**Study material**
▽
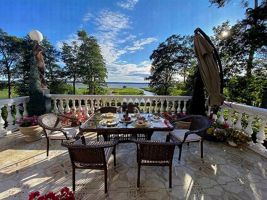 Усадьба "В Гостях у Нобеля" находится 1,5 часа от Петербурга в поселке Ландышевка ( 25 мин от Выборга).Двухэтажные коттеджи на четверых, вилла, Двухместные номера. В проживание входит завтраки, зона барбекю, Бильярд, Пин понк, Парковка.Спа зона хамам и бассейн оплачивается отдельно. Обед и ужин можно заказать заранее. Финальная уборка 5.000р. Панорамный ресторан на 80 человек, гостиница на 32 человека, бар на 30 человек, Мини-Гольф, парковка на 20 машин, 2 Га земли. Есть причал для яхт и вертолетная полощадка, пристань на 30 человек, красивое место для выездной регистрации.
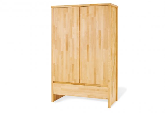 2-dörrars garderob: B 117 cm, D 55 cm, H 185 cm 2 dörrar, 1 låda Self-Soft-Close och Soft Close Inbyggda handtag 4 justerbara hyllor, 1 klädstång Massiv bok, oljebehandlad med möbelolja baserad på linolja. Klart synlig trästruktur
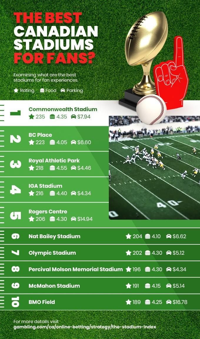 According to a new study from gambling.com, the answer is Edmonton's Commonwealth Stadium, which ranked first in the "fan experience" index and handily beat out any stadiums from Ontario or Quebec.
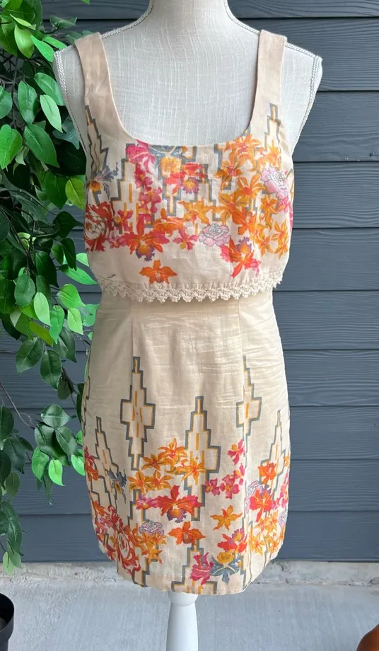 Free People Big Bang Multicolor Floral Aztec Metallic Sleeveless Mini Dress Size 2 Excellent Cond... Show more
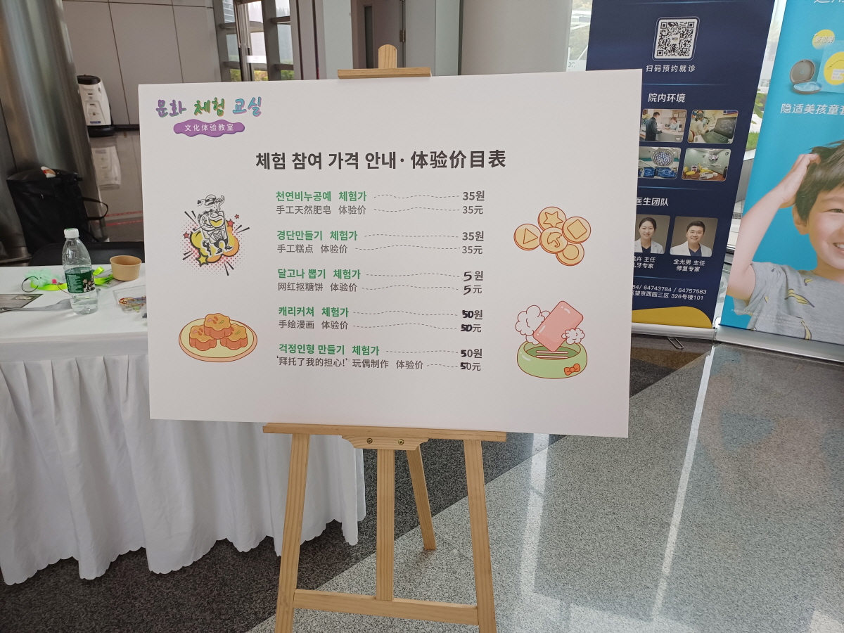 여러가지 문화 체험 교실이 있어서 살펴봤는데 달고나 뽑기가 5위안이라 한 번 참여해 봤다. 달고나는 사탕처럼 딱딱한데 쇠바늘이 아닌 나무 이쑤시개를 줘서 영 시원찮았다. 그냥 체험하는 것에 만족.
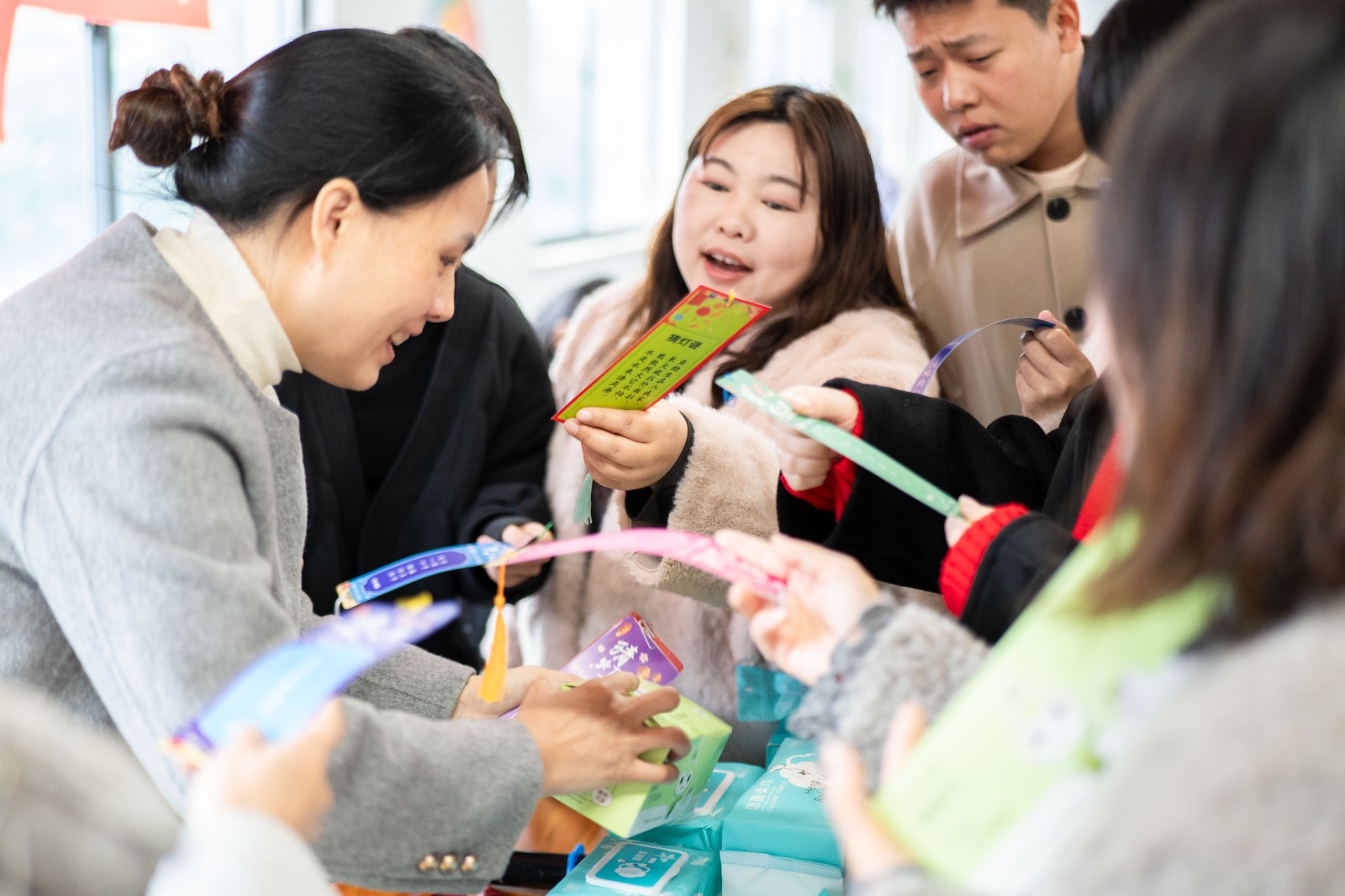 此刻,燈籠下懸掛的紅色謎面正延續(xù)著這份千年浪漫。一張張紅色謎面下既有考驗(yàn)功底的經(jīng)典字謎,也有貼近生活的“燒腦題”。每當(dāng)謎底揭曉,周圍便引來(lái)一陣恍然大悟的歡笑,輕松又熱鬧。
△
▽
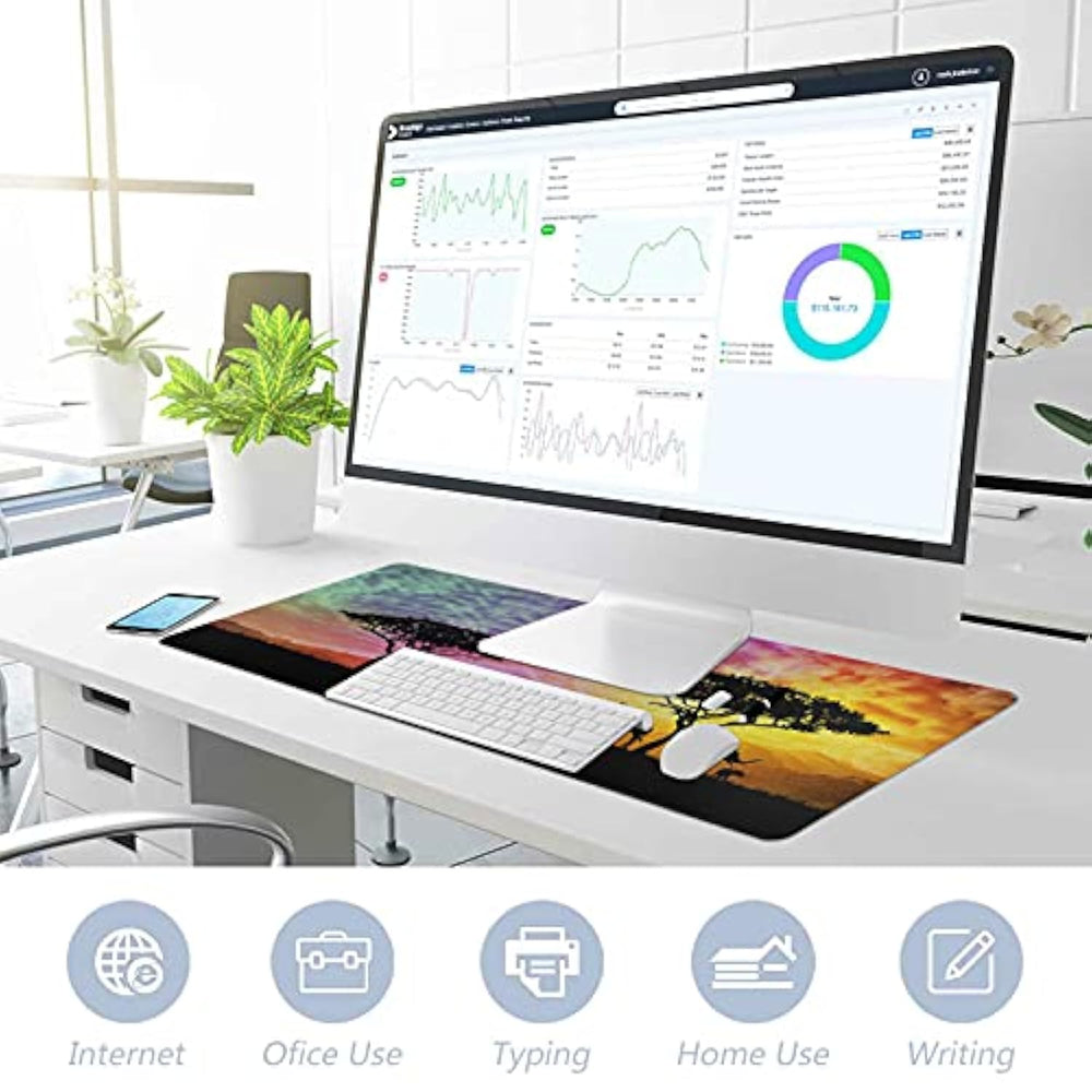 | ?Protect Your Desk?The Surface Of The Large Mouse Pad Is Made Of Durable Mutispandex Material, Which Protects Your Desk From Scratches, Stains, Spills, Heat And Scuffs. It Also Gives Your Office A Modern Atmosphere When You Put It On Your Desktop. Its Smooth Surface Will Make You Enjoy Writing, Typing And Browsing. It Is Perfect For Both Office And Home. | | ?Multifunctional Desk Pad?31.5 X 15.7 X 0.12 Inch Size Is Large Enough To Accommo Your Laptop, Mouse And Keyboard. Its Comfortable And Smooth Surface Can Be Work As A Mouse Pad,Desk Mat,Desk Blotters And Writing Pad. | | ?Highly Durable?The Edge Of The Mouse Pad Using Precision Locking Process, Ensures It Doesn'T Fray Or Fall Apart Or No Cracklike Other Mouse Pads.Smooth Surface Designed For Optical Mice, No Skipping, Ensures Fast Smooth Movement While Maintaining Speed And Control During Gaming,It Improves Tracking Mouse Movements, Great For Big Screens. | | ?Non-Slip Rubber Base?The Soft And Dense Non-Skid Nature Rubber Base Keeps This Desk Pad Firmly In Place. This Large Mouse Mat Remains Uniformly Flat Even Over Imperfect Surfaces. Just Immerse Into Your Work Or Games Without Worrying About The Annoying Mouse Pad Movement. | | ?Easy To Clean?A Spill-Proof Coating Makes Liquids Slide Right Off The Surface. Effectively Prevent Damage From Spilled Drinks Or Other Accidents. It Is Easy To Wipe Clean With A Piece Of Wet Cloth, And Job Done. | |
△
▽
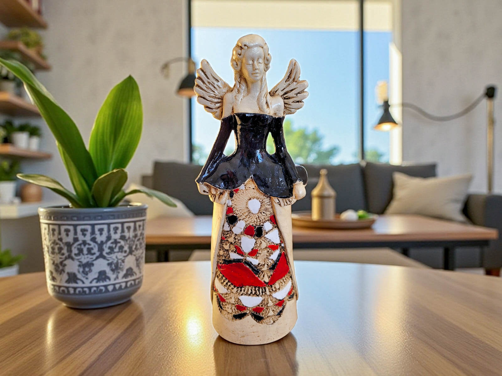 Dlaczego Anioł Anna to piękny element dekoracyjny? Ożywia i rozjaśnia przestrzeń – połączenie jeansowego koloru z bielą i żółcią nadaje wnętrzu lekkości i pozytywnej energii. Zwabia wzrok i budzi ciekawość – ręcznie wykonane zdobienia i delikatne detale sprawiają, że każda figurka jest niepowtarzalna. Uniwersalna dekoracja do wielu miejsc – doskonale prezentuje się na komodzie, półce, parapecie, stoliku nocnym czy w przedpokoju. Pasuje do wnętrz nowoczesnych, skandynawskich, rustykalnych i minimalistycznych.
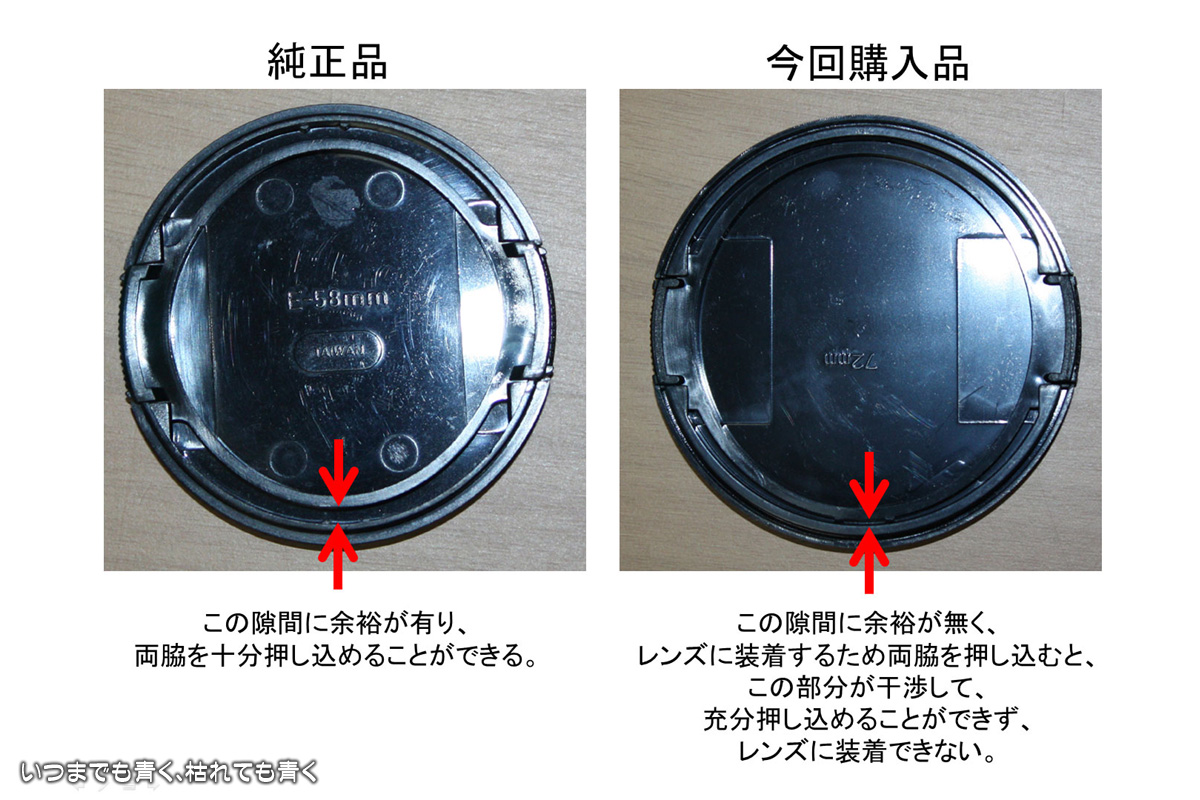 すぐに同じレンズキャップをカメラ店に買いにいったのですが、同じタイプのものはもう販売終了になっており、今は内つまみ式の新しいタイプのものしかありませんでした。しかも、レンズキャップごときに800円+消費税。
△
**Work task**
Print, exactly and with no pictures, the lines of the listing above starting at the one that has "According to a" and ending at the one that has "此刻,燈籠下懸掛的紅色謎面正", both included.

**Exercise answer**
 According to a new study from gambling.com, the answer is Edmonton's Commonwealth Stadium, which ranked first in the "fan experience" index and handily beat out any stadiums from Ontario or Quebec.
 Free People Big Bang Multicolor Floral Aztec Metallic Sleeveless Mini Dress Size 2 Excellent Cond... Show more
 여러가지 문화 체험 교실이 있어서 살펴봤는데 달고나 뽑기가 5위안이라 한 번 참여해 봤다. 달고나는 사탕처럼 딱딱한데 쇠바늘이 아닌 나무 이쑤시개를 줘서 영 시원찮았다. 그냥 체험하는 것에 만족.
 此刻,燈籠下懸掛的紅色謎面正延續(xù)著這份千年浪漫。一張張紅色謎面下既有考驗(yàn)功底的經(jīng)典字謎,也有貼近生活的“燒腦題”。每當(dāng)謎底揭曉,周圍便引來(lái)一陣恍然大悟的歡笑,輕松又熱鬧。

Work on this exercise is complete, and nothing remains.